This is possibly the thing in my home that has the most meaning. It brings up a sense of longing in me, something soulful, ungraspable but palpable. It’s hard to put words to why it is meaningful to me, but something about it feels mythic. It’s a strong image, it affects the imprint I already have of my mother. When I look at this picture I don’t see the mum I know. I see a version of her that I imagine she has almost lost touch with. A kind of wild, uncaged version of herself, youthful, in love, curious and wistful. It’s my mother through my father’s eyes, seen again through my own.

My father has a really beautiful way of seeing the world that I have always been really interested in, captivated by and hungry for. I think many can relate to having a bit of a struggle with their mother. I have had struggles in my relationship with my mum. But something in this picture softens my feelings about her, a lot, and it makes her more human for me, more full. It takes her out of the box that I can put her in. It shows me another vision, which frees her to be more than my perception and in turn changes the way that I can relate to her.

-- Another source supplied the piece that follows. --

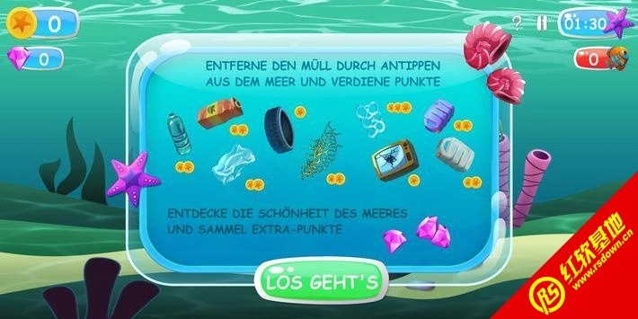 1.隐藏物品类游戏《拯救我们的海洋》的玩法是:在90秒内从海洋里收集尽可能多的垃圾,以此获取积分。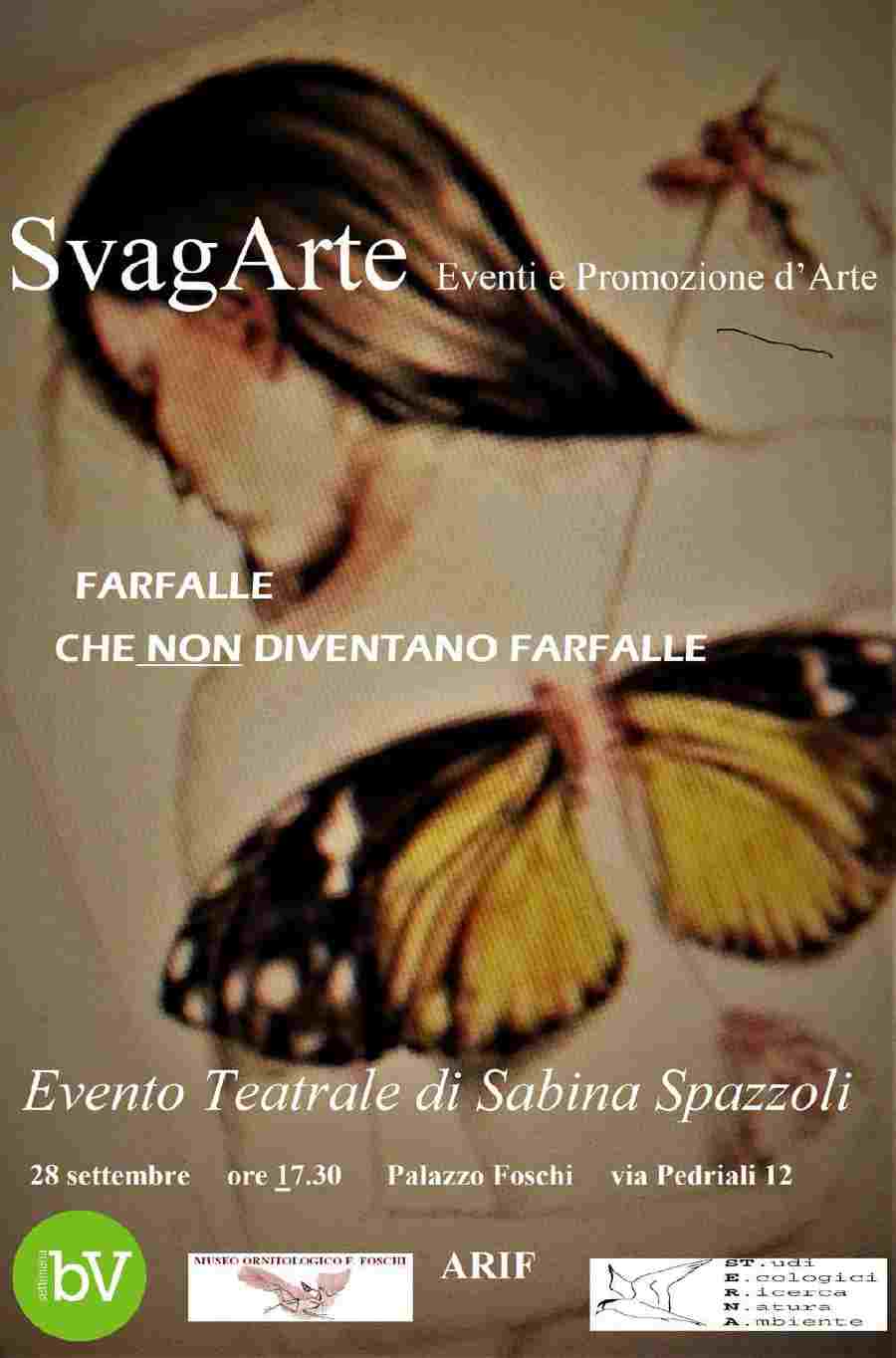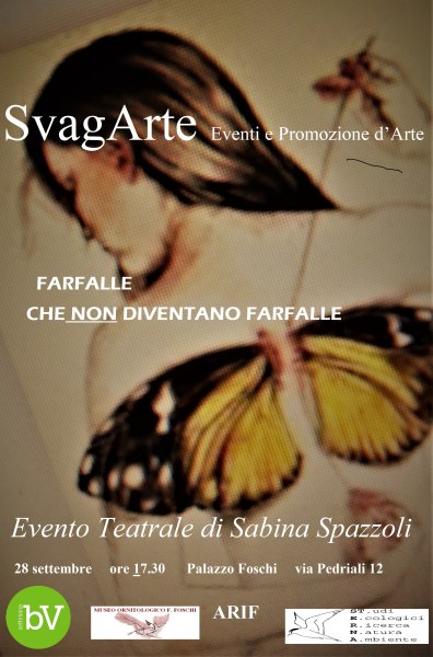 FARFALLE CHE NON DIVENTANO FARFALLE Sabato 28 settembre ore 17,30, Palazzo Foschi in via Pedriali 12, Forlì per B.V. “Farfalle che non diventano farfalle” a cura dell’Associazione Svagarte in sinergia con Museo Ornitologico “F. Foschi”, ARIF, STERNA. Tra le verdi quinte di Palazzo Foschi Numai, si terrà l’evento teatrale, su testo inedito dell’attrice Sabina Spazzoli, da lei recitato e accompagnato con sottofondo di musicale. All’inizio del xx secolo, in campagna e in città non esisteva famiglia che non avesse allevamento di bachi da seta. Seta che aveva a Meldola un mercato di eccellenza. La giovane che alleva bachi con la fantasia cerca di uscire dal suo bozzolo di stanche quotidianità che si intrecciano inconsapevolmente con i grandi eventi del secolo breve. Sabina Spazzoli tesse il suo testo di piccole fragilità esistenziali, preziose per ricostruire pezzi di vita che abitano nella memoria di tutti noi. Sabina Spazzoli presenta un testo inedito sulla quotidianità della coltivazione domestica del baco da seta, un unicum sul territorio e la sua storia. Ingresso libero.

This picture gives me hope for her and for me, with our matching neurosis. It’s huge for me actually, this image. I can frame a story of my whole relationship with the concept of mother here in these dots.”

What does sentimentality mean to you?
“It’s such a particular feeling. It’s a heart and belly kind of feeling, a softening and a widening. Particularly in the heart, and I think it softens my face as well.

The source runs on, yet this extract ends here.